The Courtauld Gallery will be closed for two years as access is improved and the Great Room is opened up.

The London gallery has called the closure a “transformation project which will see the Courtauld improve accessibility … and improve the experience for its visitors, staff and students”, reports The Art Newspaper.

It’s the largest redevelopment of the institute and its gallery since it moved in 1989. Its home is the stunning 18th century Somerset House in The Strand. The building is Grade I listed.

Dr. Ernst Vegelin Van Claerbergen, director of the Courtauld, said the project was not so much about expansion, as about quality. Speaking to The Art Newspaper, he said the intention was to upgrade facilities and create a new learning centre.

In 2016 the gallery attracted 188,000 visitors. It is thought that, when it reopens in 2020, visitor numbers will increase to between 300,000 and 350,000.

Westminster city council granted planning permission in September. Its report said that 143 square metres of floor space will be created by reconfiguring and rationalising existing areas. According to planning officers, the present layout had “many problems” including awkward disabled access. “There are significant changes of level throughout and an extraordinary number of staircases for what is now a building in single use,” said the planning report.

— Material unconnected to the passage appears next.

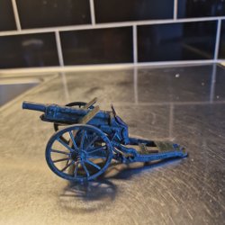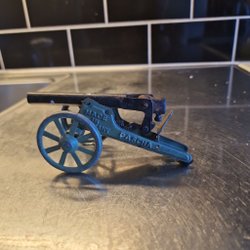 Stirlingmotor i metall. Motorn har ett svänghjul och en cylindrisk bas med ventilationshål. En vev finns på sidan av basen.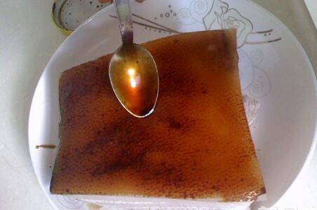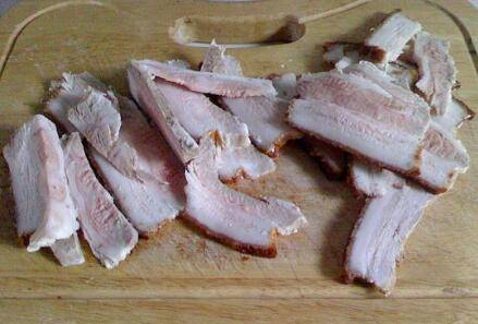 锅内放入油,油热后将肉皮的一面放入锅中,炸至肉皮变成棕红色和起了小泡,翻个面稍炸一下。

One large project will be the opening up of the main Great Room. This hosted the famous summer exhibitions of the Royal Academy of Arts until 1837. It is London’s earliest surviving purpose-built art gallery. Temporary walls have split up the vast room since 2002, disguising the proportions of the space. Vegelin Van Claerbergen hopes to create a “climactic moment” here, as visitors come to the end of the displays.

The Courtauld Gallery, founded by Samuel Courtauld, is particularly famed for its impressionist and post-impressionist works of art. It includes one of Paul Cezanne’s Card Players series; Van Gogh’s Self-Portrait with Bandaged Ear and Manet’s A Bar at the Folies-Bergère. It is also home to the UK’s most important collection of works by Paul Gauguin.

The Heritage Lottery Fund has put £9.4m towards the £30m first phase of the revamp, named Courtauld Connects. The second phase, which is set to cost in the region of £20m, will provide better facilities for research, learning and teaching.

The gallery will close from autumn 2018. However, according to a statement, the Institute itself “will remain open and a thriving centre for the study of art history, conservation and curating.”